А вот хренушки, подумал я с мстительной радостью и заметил, как дернулся и поморщился, словно от сильной зубной боли, второй писец. Я посмотрел на него с подчеркнутым вниманием, он вздрогнул и, сложив руки на груди, смиренно поклонился. Первый вскинул брови в удивлении, торопливо кивнул стражам, чтобы пропустили весь наш отряд, даже забыв принять пошлину.

– Сэр Легольс, – произнес граф Эбергард холодновато, он по-прежнему смотрел прямо перед собой, не удостаивая меня взглядом. – Постарайтесь в городе держаться…

Он умолк на миг, подбирая слово, граф Мемель сказал сухим голосом царедворца:

– …достойно.

– …как подобает наследнику герцога, – закончил граф Эбергард.

Я увидел брешь и с удовольствием сунул в щель кинжал:

– Не понял: достойно или «как подобает»?

Граф Эбергард сказал ледяным голосом:

– Достойно, как подобает наследнику герцога, что едет получить корону герцога!

– Понятно, – сказал я. – Это значит, хватать незамужних женщин и тащить в свою постель, топтать поля крестьян в погоне за диким зверем, судить людей не по закону, а по прихоти… что еще? Впрочем, все можем перечислять долго.

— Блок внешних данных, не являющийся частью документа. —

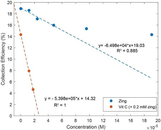 Collection efficiencies for solutions containing zingerone (“zing”) only (blue line) and solutions containing both zingerone and vitamin C (red line). For comparison, the slope of pure vitamin C is −2.6 × 104 M−1 []. The steeper slope for the red line shows that the greater the rate of change, the more effective the antioxidant activity. For zingerone line expression, only the first four points were included.
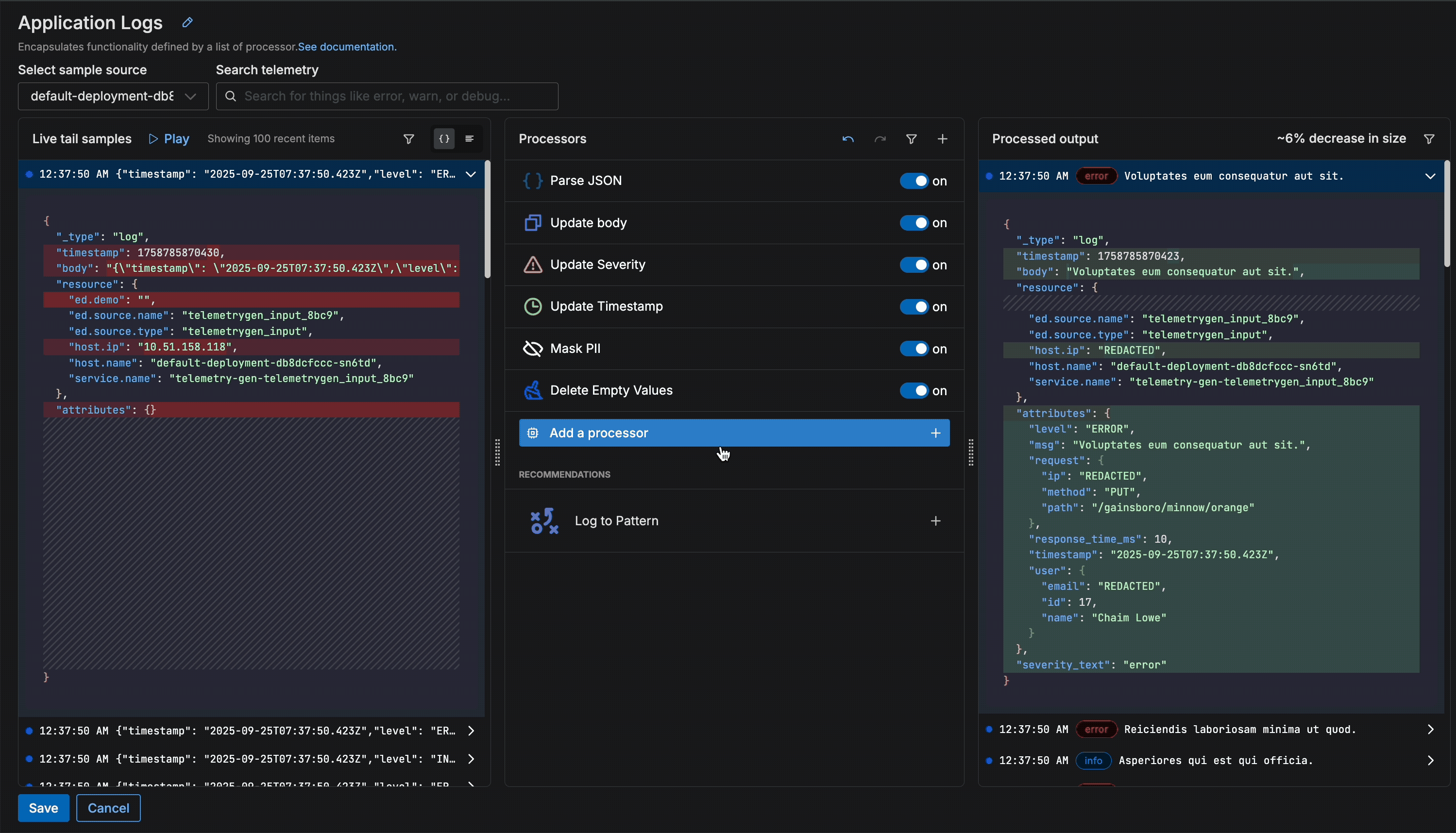 Once logs begin flowing, the pipeline automatically detects a few issues — more specifically, that the JSON isn’t parsed and contains PII — and generates two processor suggestions to solve them:

Она умолкли, на бесстрастных лицах нечто похожее на замешательство, только тень, но это все равно, как если бы сэр Смит упал на землю и катался, вырывая клочьями волосы и завывая во весь голос. Наконец граф Эбергард проронил:

– Просто ни на что не реагируйте, ни в какие разговоры не вступайте.

– А если придется?

Он покачал головой.

– Не придется.

– А вдруг?

– Предоставьте все нам.

Я сказал зло:

– Все равно не понял, как мне держаться в городе? Плевать с высоты моего герцожьего седла на окружающих? Увидев молодую женщину, попытаться задрать ей подол, я же герцог, мне можно?

Граф Эбергард смотрел пристально, а граф Мемель проронил:

– Это еще не наше герцогство, здесь такое поведение может привести к большим неприятностям. Просто держитесь в седле невозмутимо, на толпу не обращайте внимания. Иногда можете улыбнуться чуть устало и слегка рассеянно. Во всем остальном положитесь на нас.

– Короля играет свита, – проронил я, как он и советовал, рассеянно. – Ладно, поперли.

Простор и по эту сторону ворот, что и понятно, надо для обороны, зато дальше нас повела такая узенькая улочка, что две подводы точно не разъедутся, да и два рыцаря на закованных в броню конях тоже сцепятся стременами.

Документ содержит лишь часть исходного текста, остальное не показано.